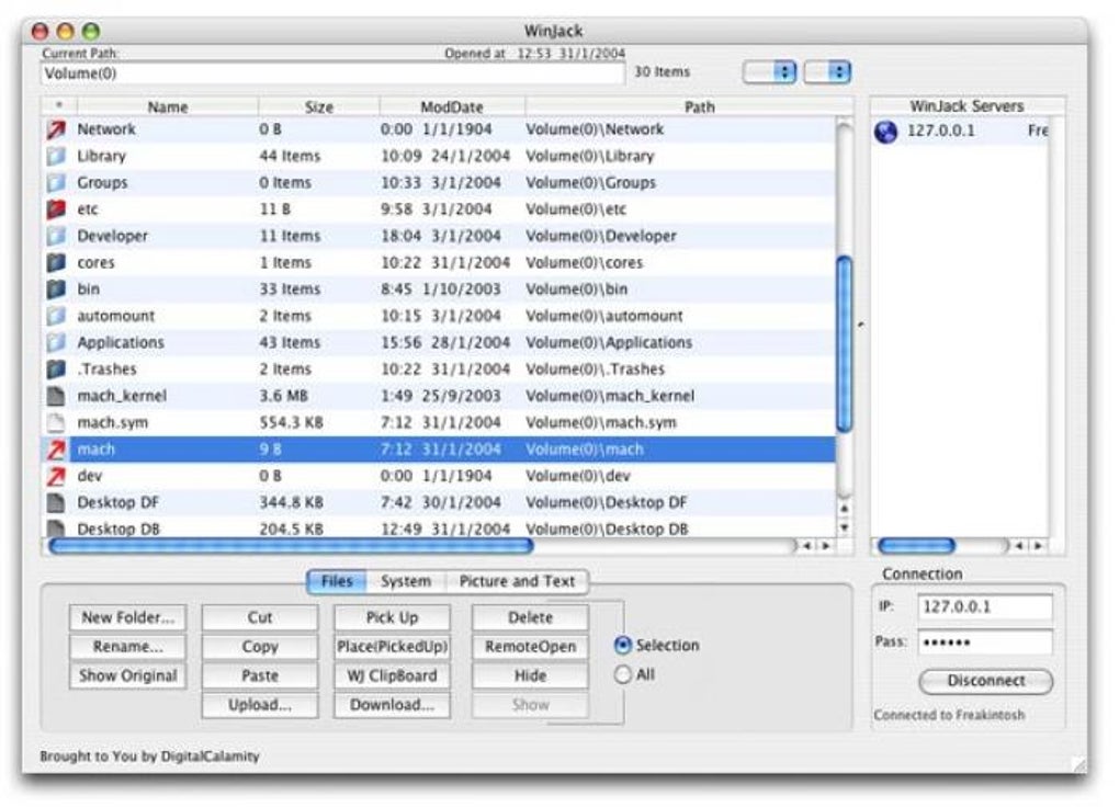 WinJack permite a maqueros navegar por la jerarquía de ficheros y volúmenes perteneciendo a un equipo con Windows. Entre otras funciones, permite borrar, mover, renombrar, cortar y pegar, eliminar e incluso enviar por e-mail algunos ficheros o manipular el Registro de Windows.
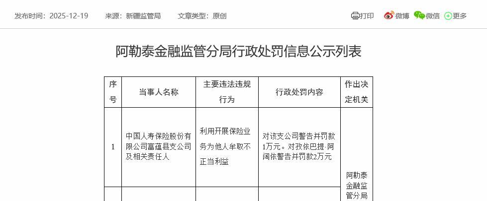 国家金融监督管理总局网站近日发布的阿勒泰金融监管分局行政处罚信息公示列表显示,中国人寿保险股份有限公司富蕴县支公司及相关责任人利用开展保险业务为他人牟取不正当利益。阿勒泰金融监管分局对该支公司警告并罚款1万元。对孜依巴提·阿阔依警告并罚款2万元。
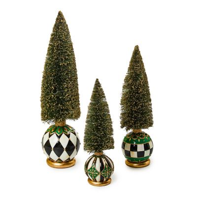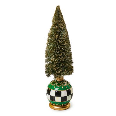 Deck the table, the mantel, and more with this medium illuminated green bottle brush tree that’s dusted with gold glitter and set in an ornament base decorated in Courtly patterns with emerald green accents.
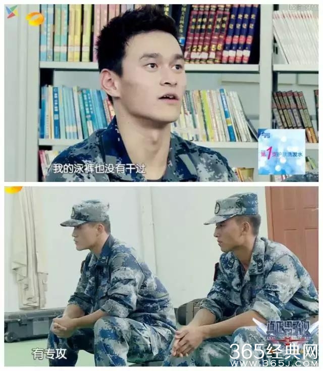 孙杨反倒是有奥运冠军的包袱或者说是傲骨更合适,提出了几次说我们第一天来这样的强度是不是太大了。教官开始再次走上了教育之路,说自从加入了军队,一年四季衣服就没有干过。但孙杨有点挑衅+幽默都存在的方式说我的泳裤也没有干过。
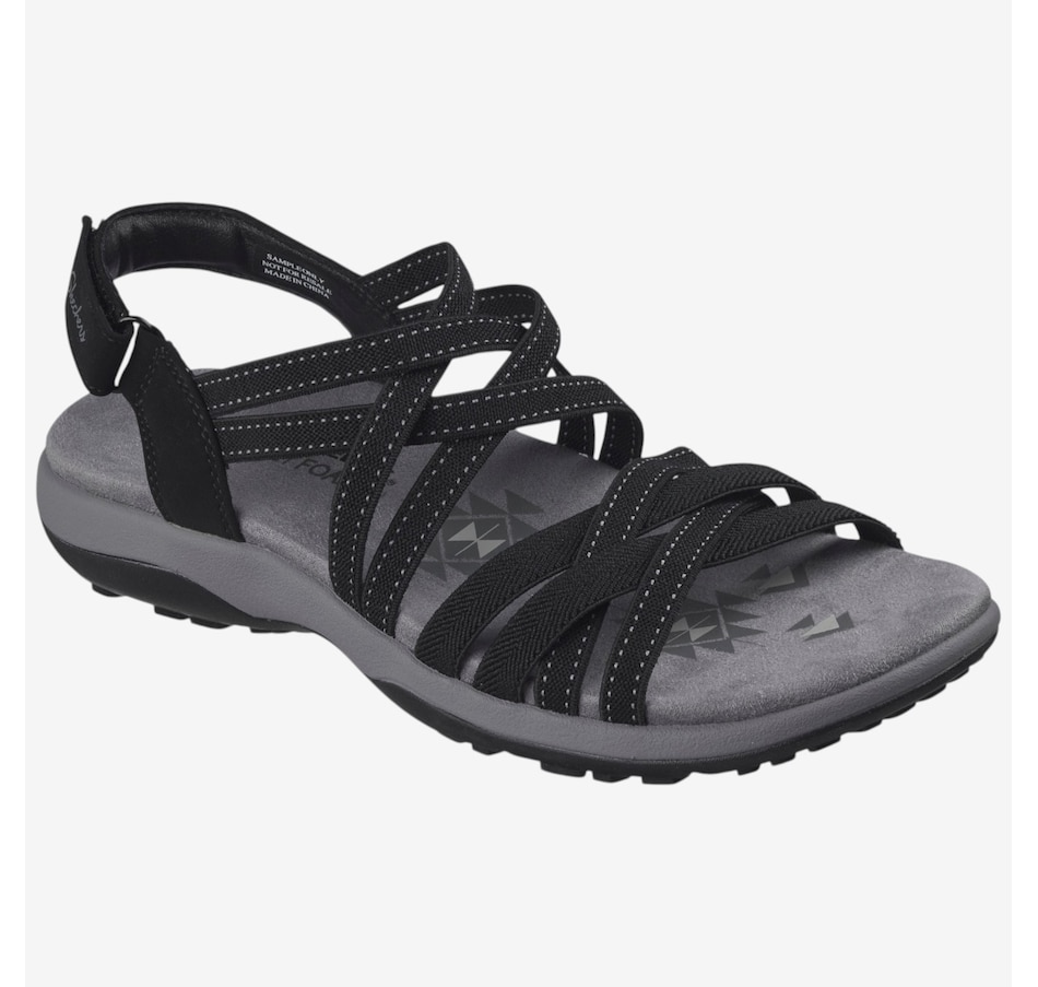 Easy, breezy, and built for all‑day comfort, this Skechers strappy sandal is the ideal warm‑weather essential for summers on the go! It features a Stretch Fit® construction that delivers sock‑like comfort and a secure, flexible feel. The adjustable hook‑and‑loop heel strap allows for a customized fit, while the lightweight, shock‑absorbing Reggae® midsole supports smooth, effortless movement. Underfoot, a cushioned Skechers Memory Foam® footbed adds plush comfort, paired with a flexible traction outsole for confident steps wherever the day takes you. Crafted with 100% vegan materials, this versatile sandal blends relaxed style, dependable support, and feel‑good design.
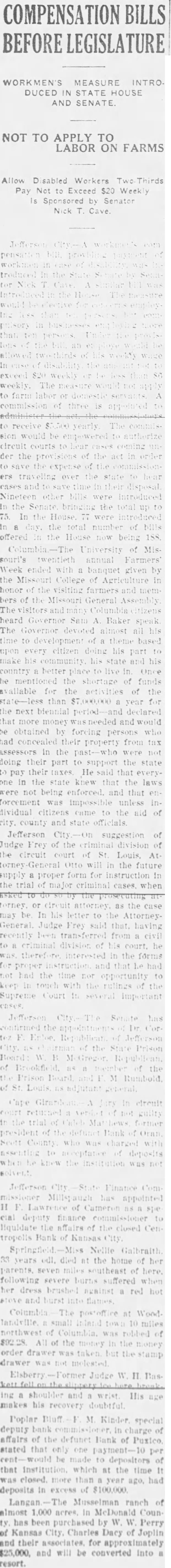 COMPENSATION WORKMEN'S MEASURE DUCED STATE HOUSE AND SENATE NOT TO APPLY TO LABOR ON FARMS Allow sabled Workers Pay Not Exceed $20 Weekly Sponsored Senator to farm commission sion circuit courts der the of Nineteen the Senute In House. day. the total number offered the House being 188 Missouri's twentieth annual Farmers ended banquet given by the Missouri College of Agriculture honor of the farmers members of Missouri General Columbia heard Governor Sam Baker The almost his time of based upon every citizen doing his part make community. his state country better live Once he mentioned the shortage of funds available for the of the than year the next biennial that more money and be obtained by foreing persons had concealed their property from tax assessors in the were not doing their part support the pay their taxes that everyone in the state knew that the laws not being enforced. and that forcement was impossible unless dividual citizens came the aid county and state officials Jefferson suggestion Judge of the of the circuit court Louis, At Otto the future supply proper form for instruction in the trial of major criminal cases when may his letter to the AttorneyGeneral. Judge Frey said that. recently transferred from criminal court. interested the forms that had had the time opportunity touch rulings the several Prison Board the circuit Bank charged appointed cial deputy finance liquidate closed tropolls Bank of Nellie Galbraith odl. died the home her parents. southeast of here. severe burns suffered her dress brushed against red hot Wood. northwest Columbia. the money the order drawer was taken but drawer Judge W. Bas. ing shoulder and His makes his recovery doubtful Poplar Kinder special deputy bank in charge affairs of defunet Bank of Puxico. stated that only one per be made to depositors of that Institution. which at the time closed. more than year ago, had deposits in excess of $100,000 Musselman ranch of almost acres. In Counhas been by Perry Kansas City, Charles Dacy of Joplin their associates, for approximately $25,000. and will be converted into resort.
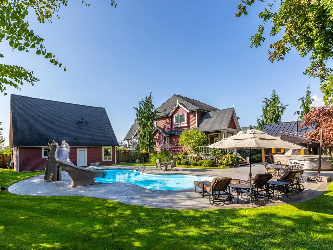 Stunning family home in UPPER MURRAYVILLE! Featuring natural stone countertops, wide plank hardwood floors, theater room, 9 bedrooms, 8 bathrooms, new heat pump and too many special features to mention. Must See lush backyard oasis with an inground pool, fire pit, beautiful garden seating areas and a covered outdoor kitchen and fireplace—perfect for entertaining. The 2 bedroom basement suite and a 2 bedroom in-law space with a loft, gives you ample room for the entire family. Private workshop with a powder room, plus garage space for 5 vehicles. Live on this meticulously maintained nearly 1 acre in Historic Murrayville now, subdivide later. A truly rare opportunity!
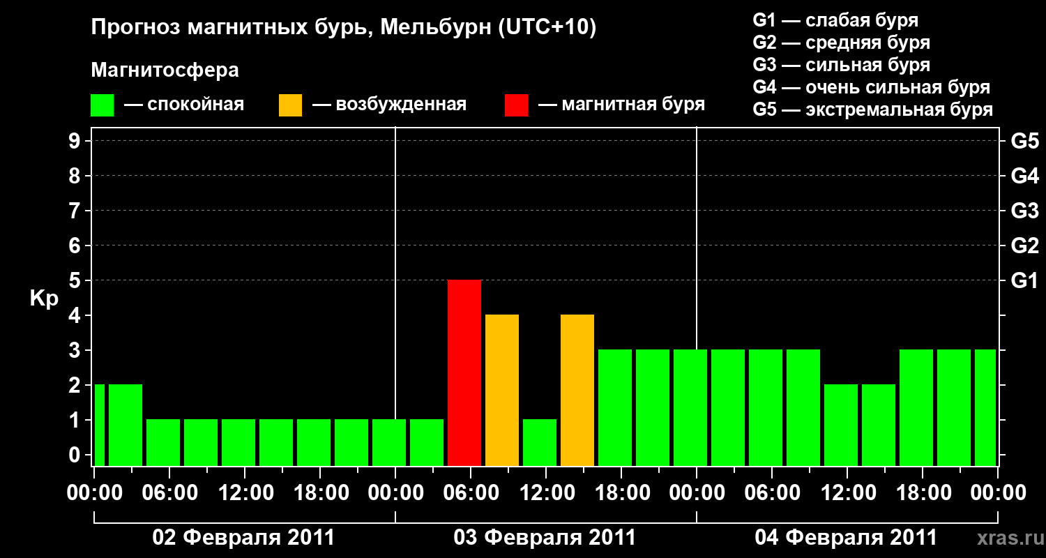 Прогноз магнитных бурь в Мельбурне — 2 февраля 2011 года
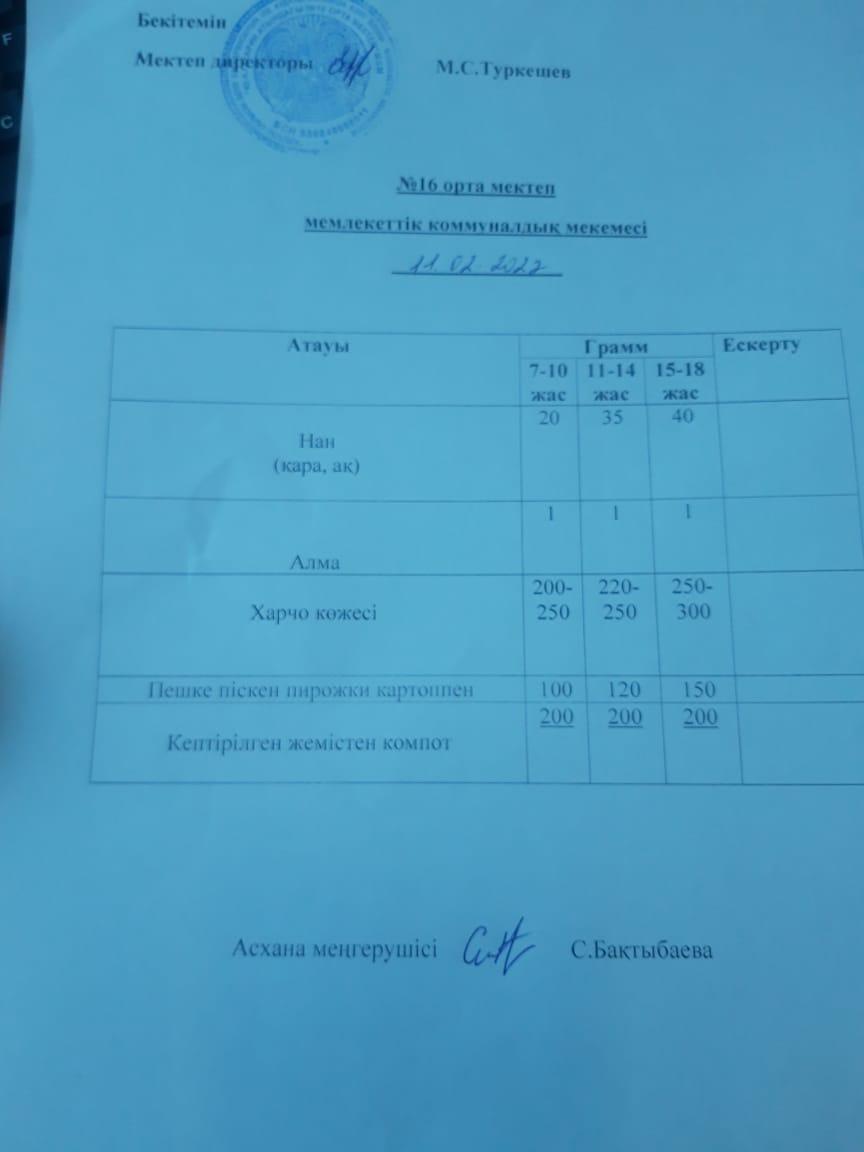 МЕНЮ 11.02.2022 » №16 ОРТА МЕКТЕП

**********

▶ EXERCISE REQUIREMENTS
Print the lines from the beginning of the records up to and including the line containing "Easy, breezy, and", word for word, with no pictures.

▶ RESULT FOR THIS EXERCISE
 WinJack permite a maqueros navegar por la jerarquía de ficheros y volúmenes perteneciendo a un equipo con Windows. Entre otras funciones, permite borrar, mover, renombrar, cortar y pegar, eliminar e incluso enviar por e-mail algunos ficheros o manipular el Registro de Windows.
 国家金融监督管理总局网站近日发布的阿勒泰金融监管分局行政处罚信息公示列表显示,中国人寿保险股份有限公司富蕴县支公司及相关责任人利用开展保险业务为他人牟取不正当利益。阿勒泰金融监管分局对该支公司警告并罚款1万元。对孜依巴提·阿阔依警告并罚款2万元。
 Deck the table, the mantel, and more with this medium illuminated green bottle brush tree that’s dusted with gold glitter and set in an ornament base decorated in Courtly patterns with emerald green accents.
 孙杨反倒是有奥运冠军的包袱或者说是傲骨更合适,提出了几次说我们第一天来这样的强度是不是太大了。教官开始再次走上了教育之路,说自从加入了军队,一年四季衣服就没有干过。但孙杨有点挑衅+幽默都存在的方式说我的泳裤也没有干过。
 Easy, breezy, and built for all‑day comfort, this Skechers strappy sandal is the ideal warm‑weather essential for summers on the go! It features a Stretch Fit® construction that delivers sock‑like comfort and a secure, flexible feel. The adjustable hook‑and‑loop heel strap allows for a customized fit, while the lightweight, shock‑absorbing Reggae® midsole supports smooth, effortless movement. Underfoot, a cushioned Skechers Memory Foam® footbed adds plush comfort, paired with a flexible traction outsole for confident steps wherever the day takes you. Crafted with 100% vegan materials, this versatile sandal blends relaxed style, dependable support, and feel‑good design.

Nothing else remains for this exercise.